DE4241882A1 - - Google Patents

Description

The invention relates to a digital adjustment filter, that for use in a spread spectrum communication system stem or broadband spectrum communication system (hereinafter referred to as SSC) and the like, and in particular special to a construction for the related improvement a method for weighting digital correlation values.

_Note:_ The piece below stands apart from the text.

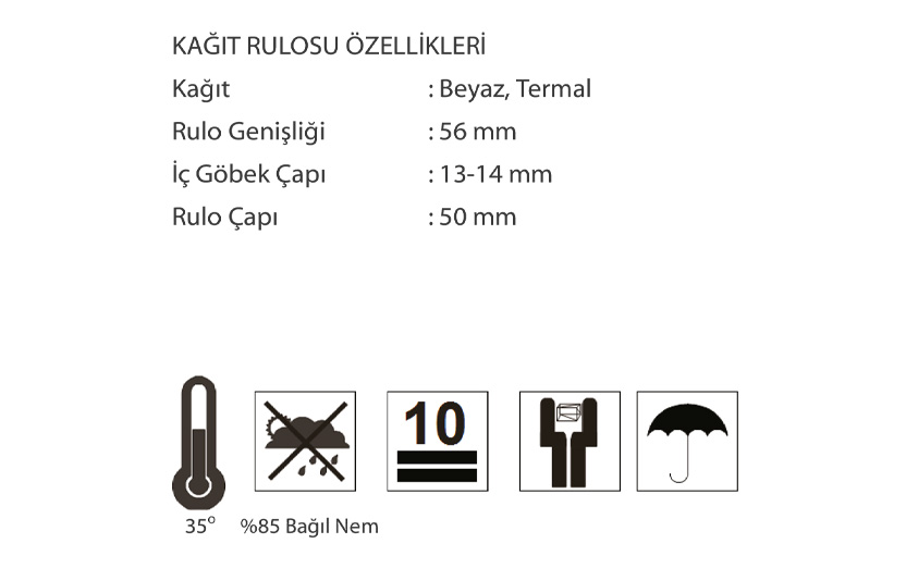 TSE onaylı termal kağıt kullanmak mecburidir. Termal kağıtları serin, kuru ve karanlık ortamlarda muhafaza ediniz.

A correlator is used in a receiver of an SSC system, e.g. B. in a receiver as shown in Fig. 1 of US-PS 46 91 326. Fig. 10 shows the structure of a 4-bit value digital-to-balance filter of the type generally asynchronous, which is used as a correlator or the like. In Fig. 10, reference numerals 1 and 2 multiplier or multiplier 3 a carrier-Os zillator, 4 a 90 ° phase shifter, 5 and 6, low-pass filter (LPF) 7 and 8 A / D converter, 9 and 10 correlators 11 and 12 fixed type weighting circuits, 13 , 14 and 17 adders and finally 15 and 16 squaring circuits. When an asynchronous digital adjustment filter receives a signal, it divides the received wave signal into two parts, as indicated in FIG. 10, and therefore separates the received signal into two signals corresponding to the so-called 2-channel and the so-called Q-channel, by multiplying signals which have the same frequency as the carrier of the received signal and whose phases are shifted by 90 ° with respect to one another with the two parts of the received wave signal in multipliers 1 and 2, respectively, by the frequency in to convert or transform a baseband. The two signals are then passed through the low-pass filters 5 and 6 and are subjected to an analog / digital conversion by means of the A / D converters 7 and 8 in order to convert the received signal into multi-bit signals. Each of the bit signals is then correlated with reference data by means of the respective correlators 9 in order to obtain a correlation value. For the 2-channel, the different correlation value bits obtained in this way are then weighted differently by means of the weighting circuit 11 and added together by the adder 13 . The same operations are also performed on the Q channel. The correlation values for the 2-channel and the Q-channel obtained in this way are squared by means of the squaring circuits 15 and 16, respectively, and added together by the adder 17 in order to finally obtain a correlation value.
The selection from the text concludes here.